[Records from a data collection]
***

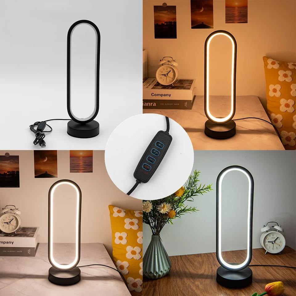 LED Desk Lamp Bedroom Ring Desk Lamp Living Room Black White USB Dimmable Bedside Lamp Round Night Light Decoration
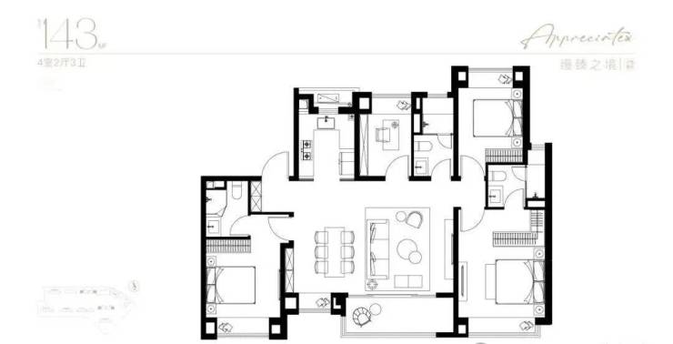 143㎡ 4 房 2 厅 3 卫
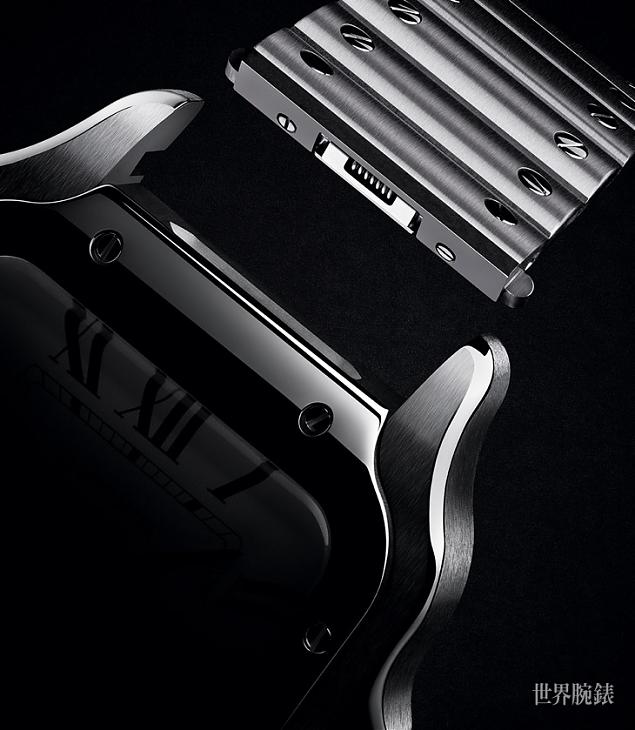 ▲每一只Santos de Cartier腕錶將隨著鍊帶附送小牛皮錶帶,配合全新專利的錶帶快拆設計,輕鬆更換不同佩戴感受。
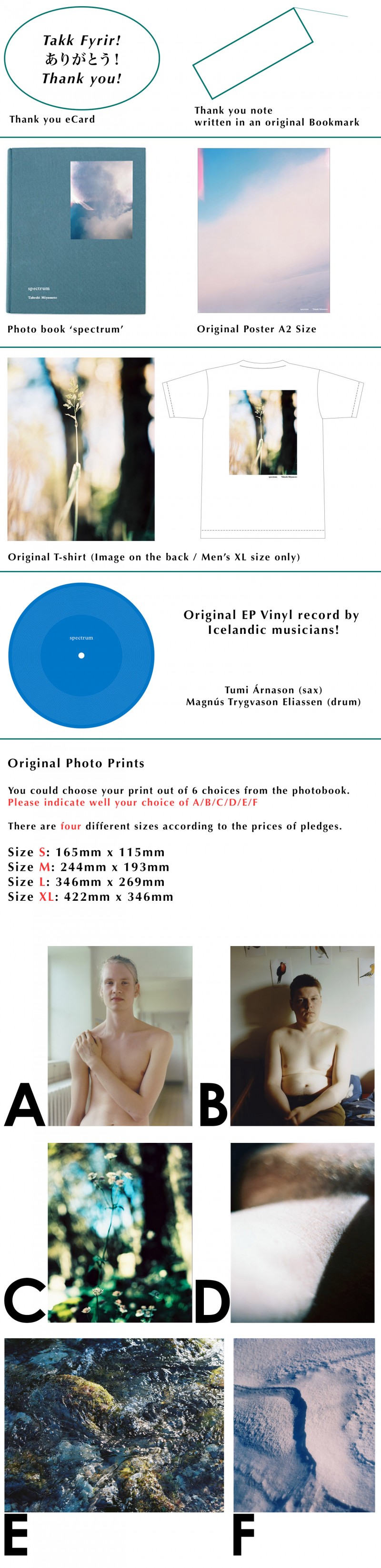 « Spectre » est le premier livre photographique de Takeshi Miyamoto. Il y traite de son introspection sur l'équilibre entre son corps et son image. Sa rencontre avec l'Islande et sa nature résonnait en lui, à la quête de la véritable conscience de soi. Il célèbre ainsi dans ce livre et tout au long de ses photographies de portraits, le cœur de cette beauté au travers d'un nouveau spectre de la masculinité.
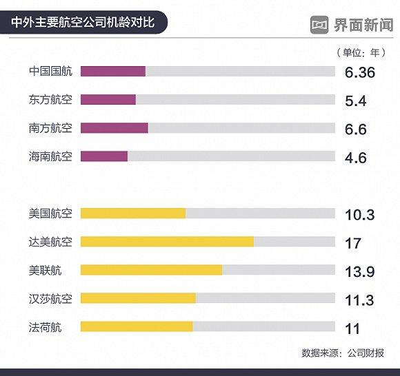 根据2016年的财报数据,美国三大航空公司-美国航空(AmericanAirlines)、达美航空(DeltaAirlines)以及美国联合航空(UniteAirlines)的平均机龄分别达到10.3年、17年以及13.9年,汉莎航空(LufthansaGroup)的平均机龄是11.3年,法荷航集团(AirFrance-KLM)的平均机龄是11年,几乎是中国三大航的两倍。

***

▶ [Activity]:
The data needs to be reproduced exactly, please, apart from its pictures.

▶ [Written answer]:
 LED Desk Lamp Bedroom Ring Desk Lamp Living Room Black White USB Dimmable Bedside Lamp Round Night Light Decoration
 143㎡ 4 房 2 厅 3 卫
 ▲每一只Santos de Cartier腕錶將隨著鍊帶附送小牛皮錶帶,配合全新專利的錶帶快拆設計,輕鬆更換不同佩戴感受。
 « Spectre » est le premier livre photographique de Takeshi Miyamoto. Il y traite de son introspection sur l'équilibre entre son corps et son image. Sa rencontre avec l'Islande et sa nature résonnait en lui, à la quête de la véritable conscience de soi. Il célèbre ainsi dans ce livre et tout au long de ses photographies de portraits, le cœur de cette beauté au travers d'un nouveau spectre de la masculinité.
 根据2016年的财报数据,美国三大航空公司-美国航空(AmericanAirlines)、达美航空(DeltaAirlines)以及美国联合航空(UniteAirlines)的平均机龄分别达到10.3年、17年以及13.9年,汉莎航空(LufthansaGroup)的平均机龄是11.3年,法荷航集团(AirFrance-KLM)的平均机龄是11年,几乎是中国三大航的两倍。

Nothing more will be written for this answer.